INFORMATION PROVIDED:
-*-*-

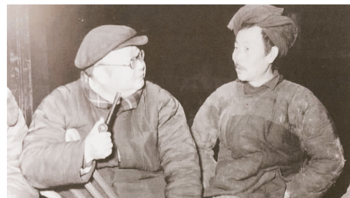
▲新中国成立后，潘光旦转向民族学研究。他克服身体残疾的不便，跋山涉水。图为他与鄂、湘、川交界地区的土家族老人聊家常。
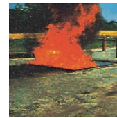
B - Vätskor och material som trä, plaster som tyg och papper bensin och olja
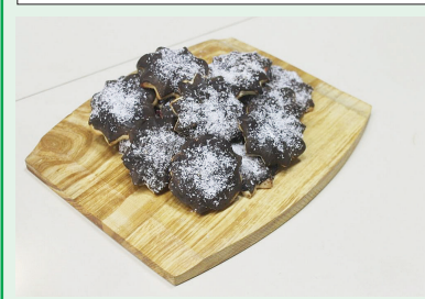
Печенье «Зимний вечер» (1 кг) — 6,99 руб.

-*-*-

TASK:
Transcribe the listing verbatim, pictures excluded.

EXERCISE RESULT:
▲新中国成立后，潘光旦转向民族学研究。他克服身体残疾的不便，跋山涉水。图为他与鄂、湘、川交界地区的土家族老人聊家常。
B - Vätskor och material som trä, plaster som tyg och papper bensin och olja
Печенье «Зимний вечер» (1 кг) — 6,99 руб.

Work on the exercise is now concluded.